The speech therapist will try to teach them to compensate when they can't find a word, and if they are willing to use a picture board or point to choices like what foods they usually want or maybe pictures of someone who is too hot or too cold, it can work. If you really have no option to get one, there is no reason not to try some of those things yourself. Here is a site you might like to look at: www.aphasia.org/content/communication-tips - I noticed that googling for "communicate with elders" was not as much help as "communication with aphasia" for the kind of thing you are going through. It's hard.
There are a couple of simple solutions. Write he usual needs in large letters on paper or a board so you can point to them and she can communicate her needs. If this does not work draw or find pictures of these things. plenty of catalogs with pictures of things like the toilet, foods coffee, cups etc
Having an evaluation from a speech pathologist should be helpful in determining which type your grandmother has and what some solutions could be.
She is alert enough to be able to realize that one or the other garment has not been returned in a few days.....She is amazingly alert and observant.
Grace + Peace,
If you have any involvement in or influence over her care provision, one thing to aim for would be continuity of care so that she is looked after mainly by people who know her preferences and habits well. This is always desirable, of course, but for those whose communication is limited it needs to be stressed as a priority.

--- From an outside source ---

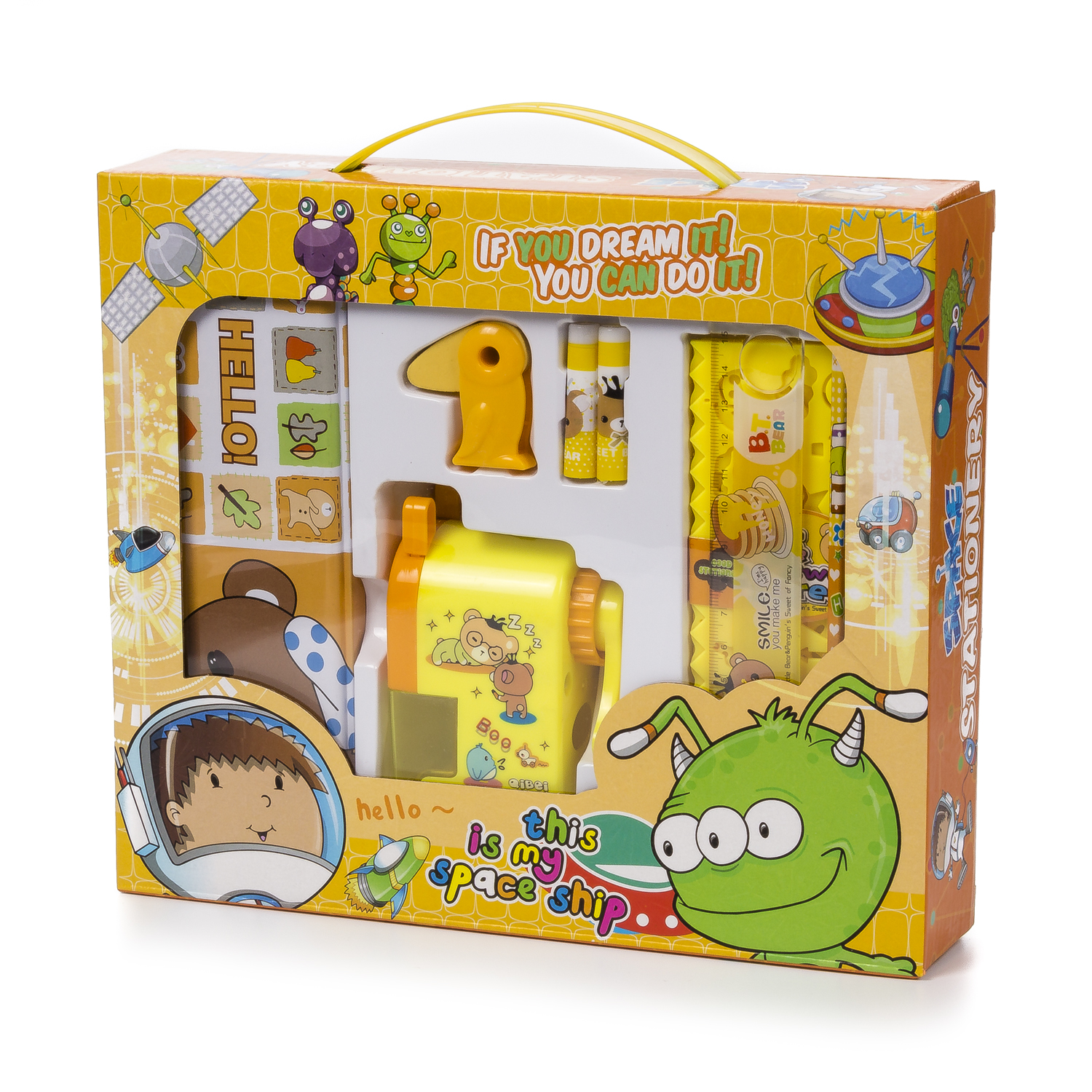 Ensemble de papeterie comprenant : • Coffret individuel en métal. 20,5x6,8x1,8cm. • Taille-crayon à manivelle • Gomme • Capuchons de crayon x2 • Règle avec loupe • Crayons x2 • Gabarits de dessin avec formes x4

You would be surprised at how much communication is non-verbal, and how sensitive people are to small signals. So it's not hopeless - I'm just sorry not to have more to suggest. You could try consulting an Occupational Therapist?
Our ability to carry on a regular 'give and take' discussion is pretty limited. He chose to not learn sign language, therefore, that is not possible. However, over the years we have developed a few hand signs to communicate basic needs.